When I walked into Schuylkill Health—a two-hospital system in a small, rural community—early last year, their story was similar to those of many of the community hospitals we work with: rapidly declining margins, fear of closure, and a disenfranchised medical staff. And a strained relationship between management and the Board of Directors was making it even more difficult to overcome these hurdles.
After the Board decided to bring in Marc Lory as Interim CEO, the relationship began to improve—something both parties attribute to helping Schuylkill Health implement and realize $17 million worth of improvements.
I sat down with Marc and Tony Baran, Chairman of the Board, to discuss what aspects of the management-Board relationship proved vital to their success.
John Johnston: Tony, can you give me a little background on how you became involved on the Board of Directors for Schuylkill Health?
Tony Baran: Sure, I first joined the Board of Trustees at Good Samaritan Hospital by way of its Foundation. Then in 2008, I served on the committee that helped Good Samaritan negotiate the terms to merge with another local hospital and create Schuylkill Health. Three years later, I was elected Chairman of the Board.
JJ: You’re a business leader in the community; what is your motivation for being a hospital Board member?
Tony Baran: For me, I’ve lived in Schuylkill County my whole life. As a resident and businessman, I want what is best for the community—which is why I serve on the Board. Something that I think is often overlooked by management, though, is that I and many other Board members are not experts in health care. We read up on the industry as much as we can, but we need management to guide us sometimes on how we can best support them.
Marc Lory: You know, John, I completely agree with Tony. In my years managing various hospitals, one of the most valuable lessons I’ve learned is to engage the Board at every level. Whether it’s updating them on physician productivity, financials, the status of initiatives, or anything else, they want to hear it. This level of transparency earns the Board’s trust, and allows them to learn the business so they can be your partner in steering the organization.
JJ: Marc, having learned that lesson, what did you see as the most important thing to do right off the bat?
ML: I immediately made sure that I met with the chairman and vice chairman of the Board on a weekly basis to discuss everything from margins, performance, productivity, and beyond. The Board was encouraged to ask more questions, and seek more answers. And most importantly, we educated the Board on good governance and the kinds of questions they should be asking on a regular basis.
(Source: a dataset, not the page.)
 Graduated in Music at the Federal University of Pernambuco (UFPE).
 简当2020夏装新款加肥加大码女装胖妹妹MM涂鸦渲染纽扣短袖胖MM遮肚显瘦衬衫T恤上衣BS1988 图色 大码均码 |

We also developed a Board-level Professional Care Committee to oversee quality performance, HCAHPS scores, publicly reported data, and medical staff credentialing.
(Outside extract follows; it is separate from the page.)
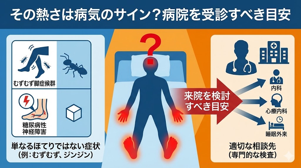 手足が熱くて眠れない対処法を探している方へ。夜中に手足がほてり寝付けない原因は、自律神経の乱れや「冷えのぼせ」かもしれません。この記事では、今すぐ熱さを和らげる正しいケアから、実は逆効果なNG行動、受診すべき病気のサインまで専門的な視点で解説します。

TB: I’ll chime in here as well to say that having updates on our progress was absolutely instrumental to our success. When Marc joined us, we had so many different initiatives going on—redistributing labor, doing a better job in the revenue cycle, and looking at strategies to quickly increase revenue. With regular meetings between management and the Board, we’re finally able to give our opinions, know they’re heard, and get real feedback. Decision-making is now a team effort, with involvement at all levels of management.
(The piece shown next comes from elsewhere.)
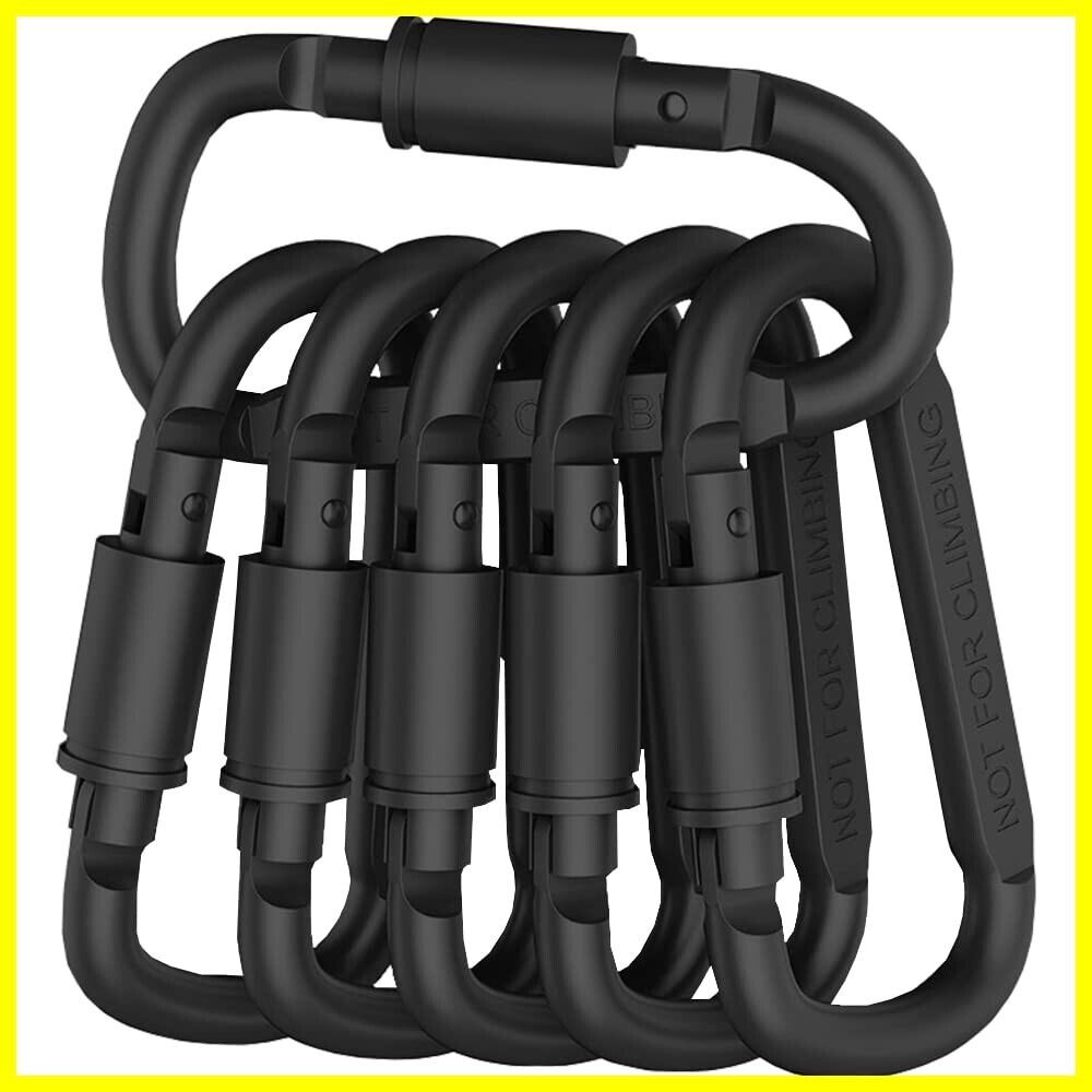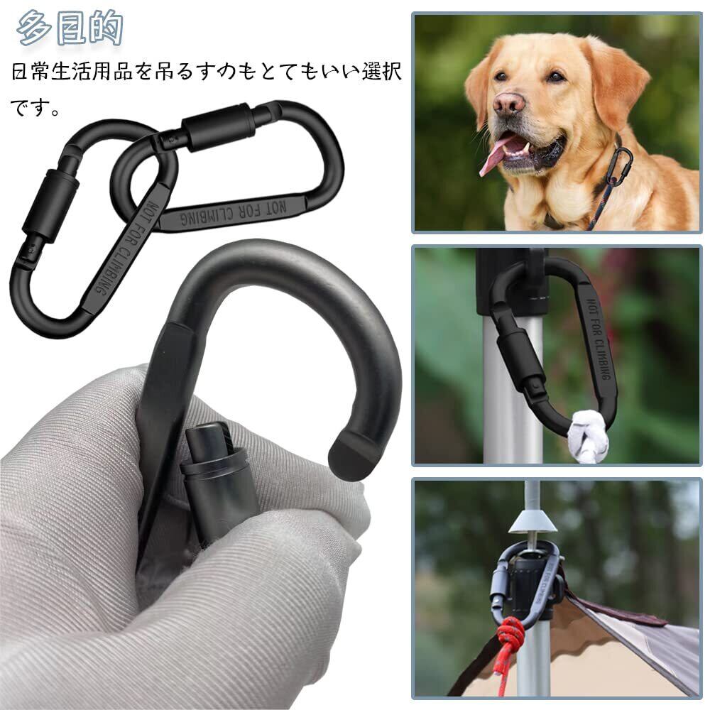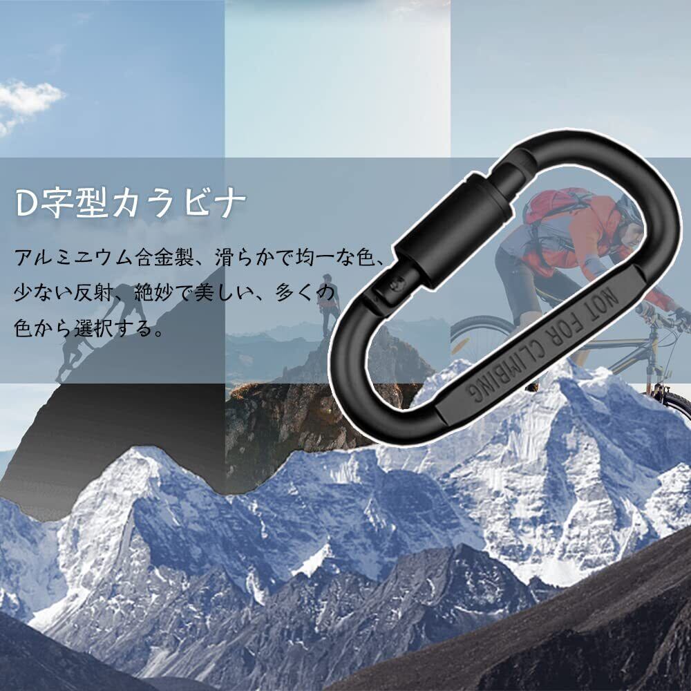 仕様:D字型カラビナ6個セット 素材:アルミニウム合金 カラー:ブラック 表面処理:酸化プロセス 形状:ロック付きD型 。

JJ: So, is it fair to say that the onus is on management to communicate and engage the Board?
ML: Absolutely, and the CEO should take the lead. And as important as it is for the CEO to engage the Board, it’s just as important to engage the medical staff. When I started at Schuylkill Health, I developed a physician advisory group as an immediate way to show medical staff they would be an integral part of the organizational transition. As a result, the cultural change here has been astounding.